Richard Pyle deepreef at bishopmuseum.org
Tue Mar 8 03:10:17 PST 2005


Hi Donald,

> Assume a document in which two concepts refer to the same published name
> (using an abbreviated representation of TCS data):

[...]

> However will it ever matter to an application processing such a document
> that the two <Name> elements are the same?  Do we need a better way to
> indicate this than simply relying on the byte-identity of the XML content?

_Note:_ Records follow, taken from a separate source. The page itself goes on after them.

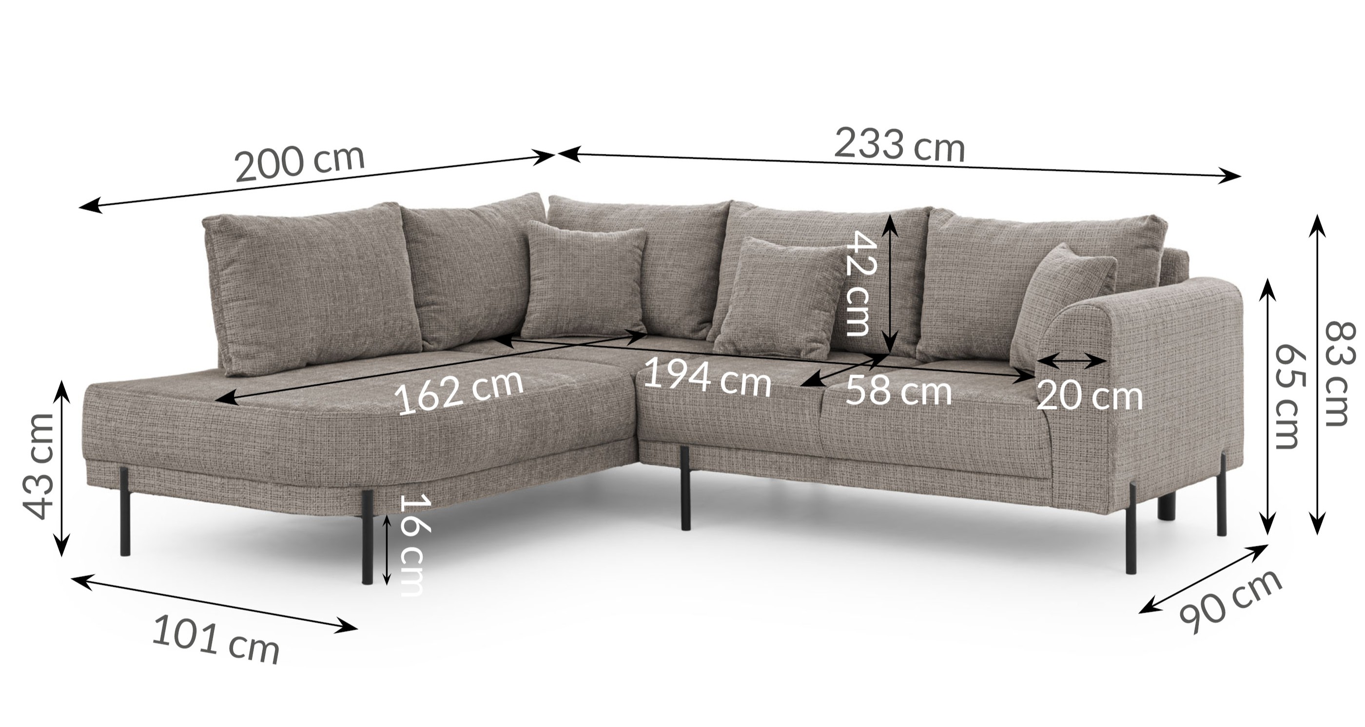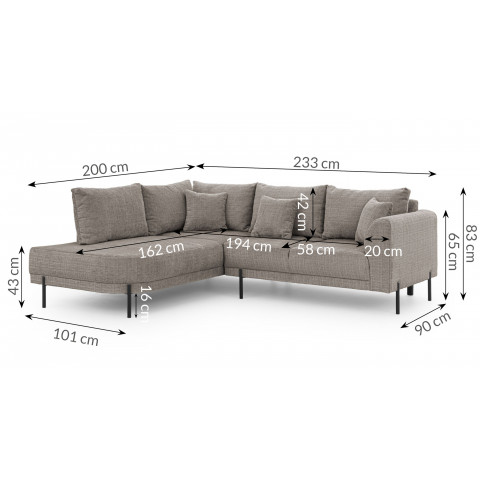 Wnętrze narożnika kryje system zapewniający maksymalny komfort: piankę wysokoelastyczną oraz sprężyny faliste. To zestawienie sprawia, że siedzisko jest sprężyste i idealnie podpiera ciało w każdej pozycji. Oparcie tworzą komfortowe, luźne poduszki z wkładem piankowo-silikonowym, oferujące miękkość, w której można się dosłownie zanurzyć. Trwałość całej jednostki zapewnia wieloskładnikowy stelaż z drewna litego, sklejki i płyt meblowych (MDF, HDF, wiórowa), będący gwarancją wieloletniej wytrzymałości.
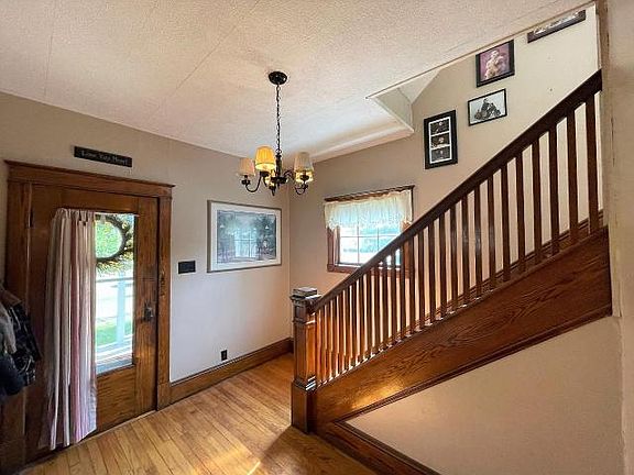 Move in condition home with lots of updates. The first floor with natural woodwork throughout features a large foyer with french doors that lead to the living room. The living room has hardwood floors and a fireplace. The dining room flows to the updated kitchen with bar style seating and appliances included. The first floor master bedroom has a high end, updated on-suite bathroom. The second floor features three additional bedrooms and another full bathroom. Other features include a large front porch, deck and a two stall attached garage. Call today for a showing!
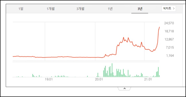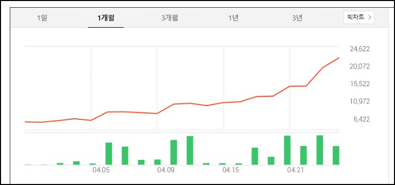 4월부터 1개월간 꾸준히 올라서 주가가 2만원을 넘었습니다
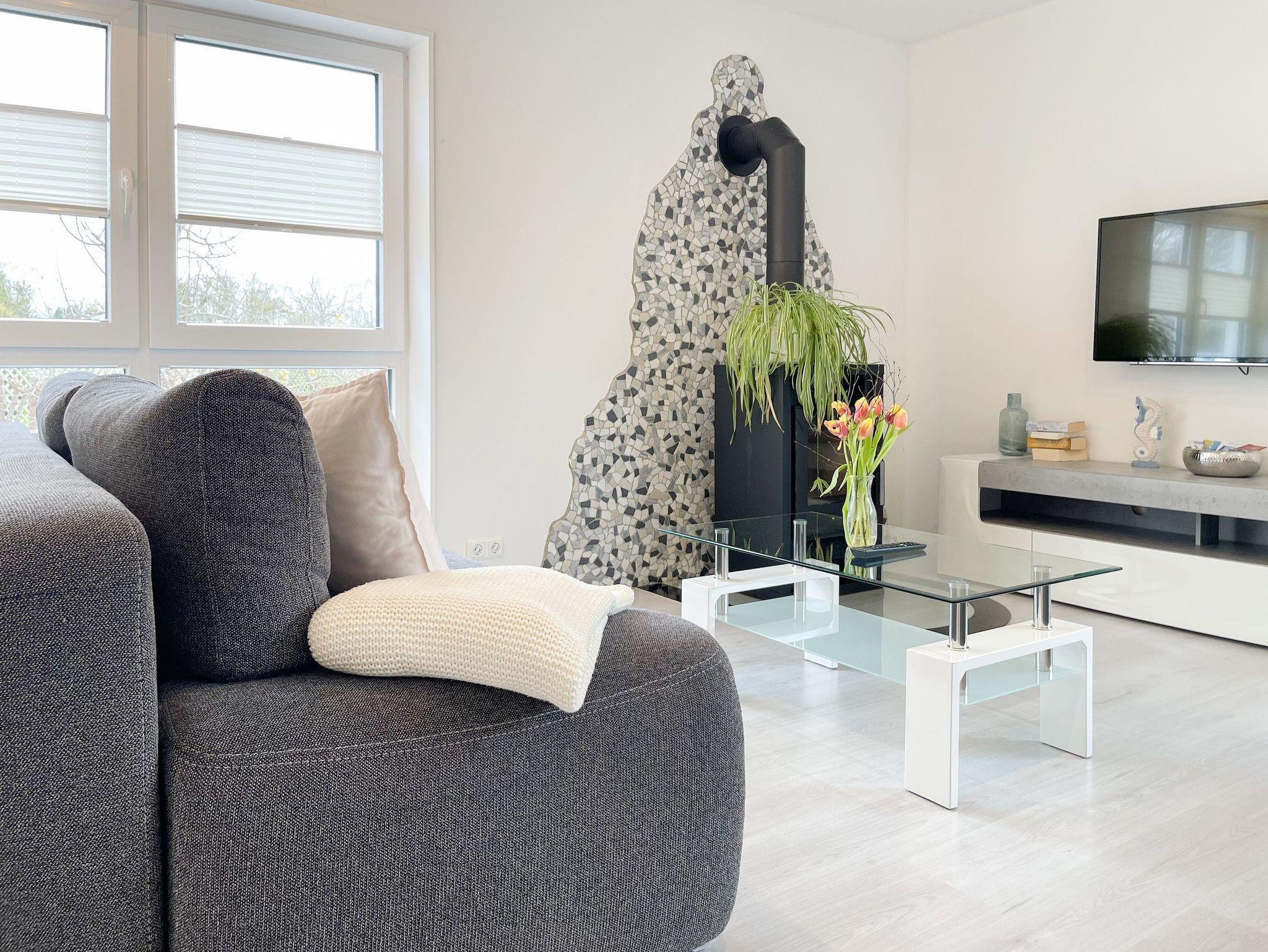 Das familienfreundliche Haus bietet auf ca. 90 m² Platz für bis zu 4 Personen und schafft mit seinem durchdachten Grundriss eine behagliche Wohlfühlatmosphäre. Im großzügigen Wohnbereich sorgen der Kamin, Sat-TV, Radio mit USB und kostenfreies WLAN für gemütliche Stunden. Direkt angrenzend lädt der offene Essbereich mit Platz für vier Personen zum gemeinsamen Schlemmen ein. Die moderne Einbauküche ist bestens ausgestattet mit Spülmaschine, Backofen und Mikrowelle bleiben kaum Wünsche offen.
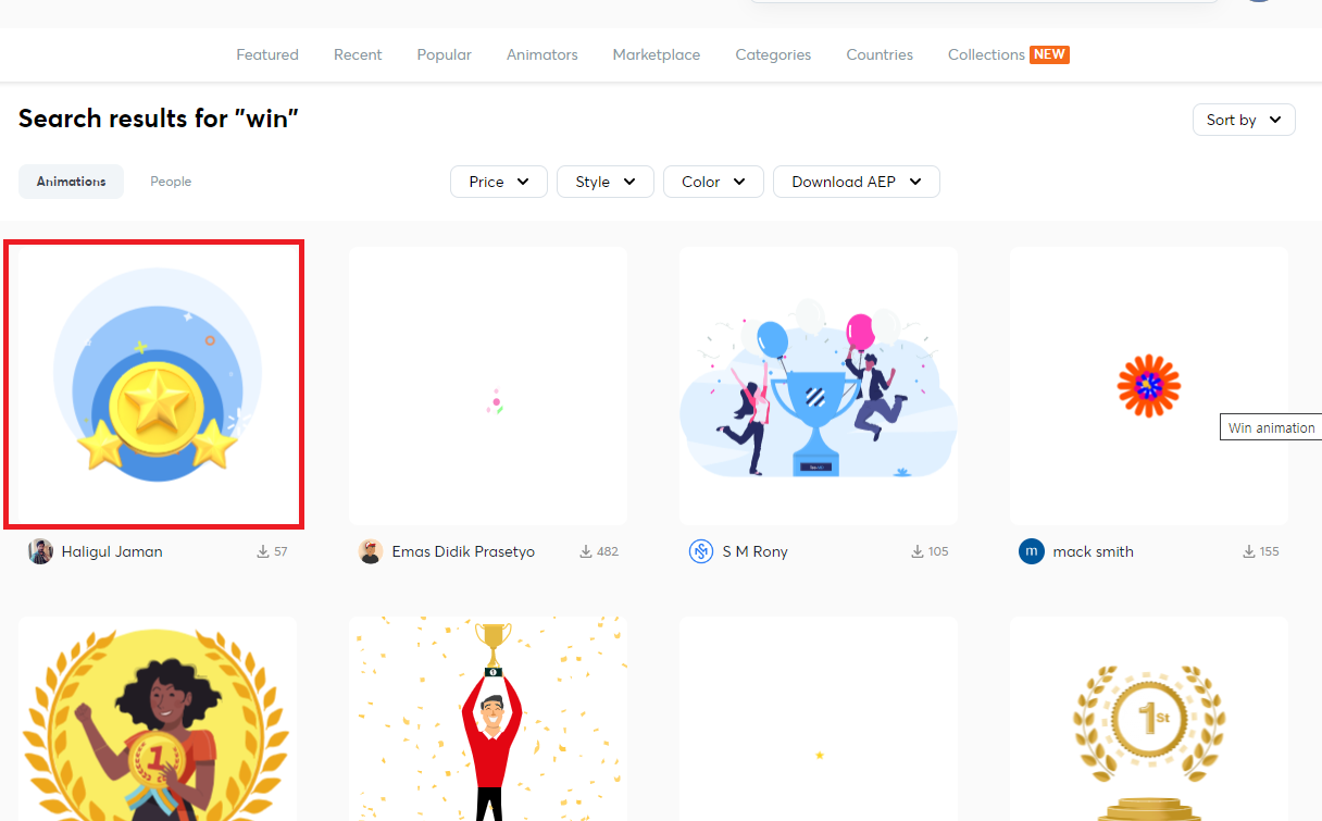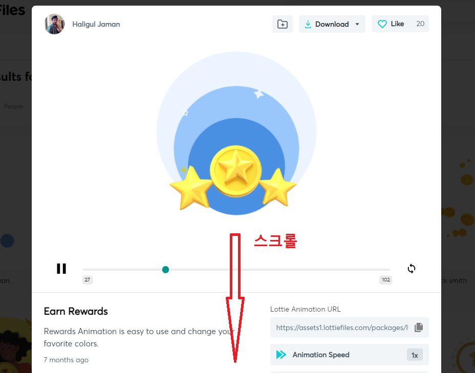 우선 LottieFiles 에서 원하는 Animation 을 찾습니다.

My answers: Yes, Yes, and Yes.

> An alternative representation (if this mattered) would be:
>
> <TaxonConcepts>
>   <TaxonConcept id="tc1">
>     <NameRef id="tn1">
>     <AccordingTo>Smith</AccordingTo>
>   </TaxonConcept>
>   <TaxonConcept id="tc2">
>     <NameRef id="tn1">
>     <AccordingTo>Jones</AccordingTo>
>   </TaxonConcept>
> </TaxonConcepts>
> <TaxonNames>
>   <TaxonName id="tn1">
>     <Label>Aus bus</Label>
>     <CanonicalAuthorship>Black, 1965</CanonicalAuthorship>
>   </TaxonName>
> </TaxonNames>

The version I've been mulling about in my mind would look something more
like this:

<TaxonConcepts>
  <TaxonConcept id="tc0" type="Nominal">
    <Label>Aus bus</Label>
    <CanonicalAuthorship>Black, 1965</CanonicalAuthorship>
    [...and all the other LC bits]
  </TaxonConcept>
  <TaxonConcept id="tc1" Type="Original">
    <NameRef id="tc0">
    <NameVerbatim>Aus bus Black, 1965</NameVerbatim>
    <AccordingTo>Black, 1965</AccordingTo>
  </TaxonConcept>
  <TaxonConcept id="tc2" Type="Revision">
    <NameRef id="tc0">
    <NameVerbatim>Aus bus Black</NameVerbatim>
    <AccordingTo>Smith, 1970</AccordingTo>
  </TaxonConcept>
  <TaxonConcept id="tc3" Type="Revision">
    <NameRef id="tc0">
    <NameVerbatim>Aus bea Blk., 1965</NameVerbatim>
    <AccordingTo>Jones, 1975</AccordingTo>
  </TaxonConcept>
</TaxonConcepts>

This approach would provide for modularization of full nomenclatural data
(i.e., restrict to TaxonConcept type="Nominal"), while simultaneously
forcing all name-only data sources to conform to a Nominal Concept (i.e., no
confusion about plugging into a name directly, vs. plugging into a concept).
It would also simultaneously disentangle "Name" relationships from "Concept"
relationships (the former would be available only in TaxonConcept instances
of Type "Nominal"). Note the "NameVerbatim" element to capture orthographic
variants that do not rise to the level of a "different name" (sensu both
Botany & Zoology). It's open to discussion whether this would include
nomenclatural authorship, but the point is it alleviates the need to create
a Nominal Concept for every single orthographic variant.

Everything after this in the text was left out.